Wednesday, 5 October 2011

Cache Logistics Trust - Defensive stock with attractive yields (OCBC)

Maintain BUY
Current Price: S$0.94
Fair Value: S$1.14

Defensive stock. We continue to maintain our positive view on Cache Logistics Trust (CACHE) and rate it as one of our preferred picks in the S-REIT space. Defensiveness and attractive yields have become the investment community buzzwords in recent months amid the market uncertainty, and we think CACHE fits into these themes smugly. The stock has posted a slight loss of 2.6% YTD, significantly outperforming FTSE ST REIT Index and STI, which were down 15.9% and 20.7% respectively during the same period.

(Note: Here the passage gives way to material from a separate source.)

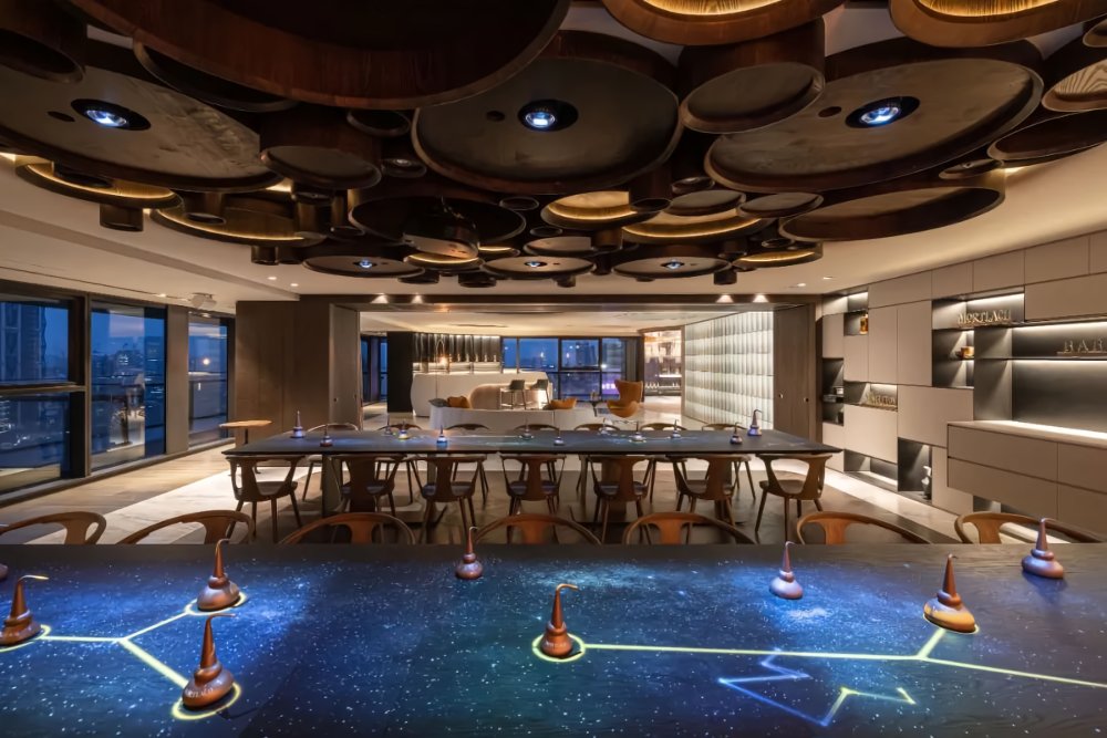 水滴狀的蒸餾壺銅為空間概念的主軸,酒廠的據(jù)點蔓延於紅銅,傳遞品牌蒸餾技術(shù)的歷史痕跡──舌尖上的風味之旅

Operationally, CACHE is also relatively well protected from the market downturn and negative rental reversions due to the master lease arrangement for its portfolio. Specifically, this provides for long lease durations (weighted average lease to expiry of 5.1 years in 2Q11), with locked-in annual rental escalation of 1.5-2% and a triple-net lease structure for the contracted lease term, which in turn provides organic growth and earnings predictability for the group.

Attractive yields. CACHE also has one of the more attractive DPU yields in the sector. We estimate that the group would give out 8.3-8.6 S cents in FY11-12 (in line with Bloomberg consensus), representing yields of 8.8-9.1%. This is higher than the sector average consensus yields of 7.8-8.0%.

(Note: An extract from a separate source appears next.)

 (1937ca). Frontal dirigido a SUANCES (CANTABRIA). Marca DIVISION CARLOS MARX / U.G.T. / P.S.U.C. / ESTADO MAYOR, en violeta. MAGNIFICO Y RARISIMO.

Acquisitions made are DPU accretive. CACHE made its maiden acquisitions in Mar, with the purchase of 6 Changi North Way and 4 Penjuru Lane, Singapore. In Jun, it announced that the acquisition of chemical warehouse facility in Shanghai from its sponsor CWT Limited, marking its foray into China. More recently, CACHE reported the completion of acquisition of purpose-built four-storey bonded warehouse at 22 Loyang Lane, Singapore. These acquisitions, we note, have NPI yields of 7.4-8.6% (relatively consistent with estimated NPI yield of 7.7% for its existing portfolio) and are DPU accretive.

Financial resources available. With additional debt headroom of ~S$60m before it reaches the regulatory aggregate leverage ceiling of 35% (from 30.2% currently) without a credit rating, CACHE has the financial resources to fund more acquisitions, possibly from CWT. We note that the latter has properties that are granted the Right of First Refusal to CACHE. We would not be surprised if the group announces more acquisitions in coming quarters, as several of these properties have completed construction.

Maintain BUY. We now revise our forecasts to include its 2Q11 results and contribution from 22 Loyang Lane. Our RNAVbased fair value now stands at S$1.14 (previously S$1.06), representing an attractive upside potential of 21.6% (excluding FY11F DPU yield of 8.8%). Maintain BUY on CACHE.